Given data:
━━━
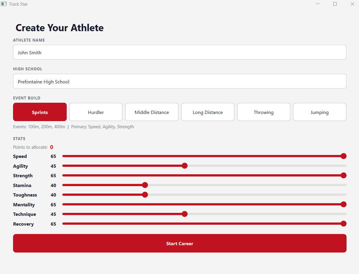 Choose your events, manage your training, and balance effort against fatigue as you compete through regular season meets, championships, and — if you qualify — state and national competition. Develop eight core stats, navigate rival athletes, and see how far your career can go.
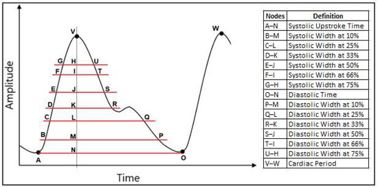 - Ratio of diastolic width to systolic width at 10%, 25%, 33%, 50%, 66% and 75% of the pulse height.
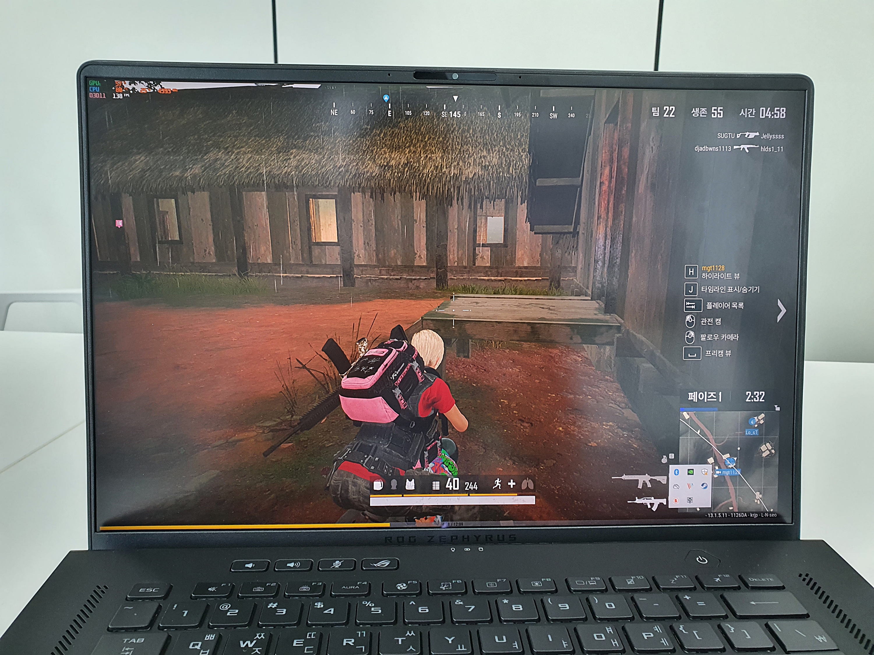 배틀그라운드는 국민옵션에서 약 121프레임으로서, 인텔 i9-11900H 프로세서와 RTX 3070 조합의 고성능을 그대로 보여준다. 평균 프레임이 165Hz의 주사율을 그대로 즐길 수 있다.
━━━
What you need to do: All of the material above is to be retyped verbatim, with its pictures omitted.

Exercise output:
 Choose your events, manage your training, and balance effort against fatigue as you compete through regular season meets, championships, and — if you qualify — state and national competition. Develop eight core stats, navigate rival athletes, and see how far your career can go.
 - Ratio of diastolic width to systolic width at 10%, 25%, 33%, 50%, 66% and 75% of the pulse height.
 배틀그라운드는 국민옵션에서 약 121프레임으로서, 인텔 i9-11900H 프로세서와 RTX 3070 조합의 고성능을 그대로 보여준다. 평균 프레임이 165Hz의 주사율을 그대로 즐길 수 있다.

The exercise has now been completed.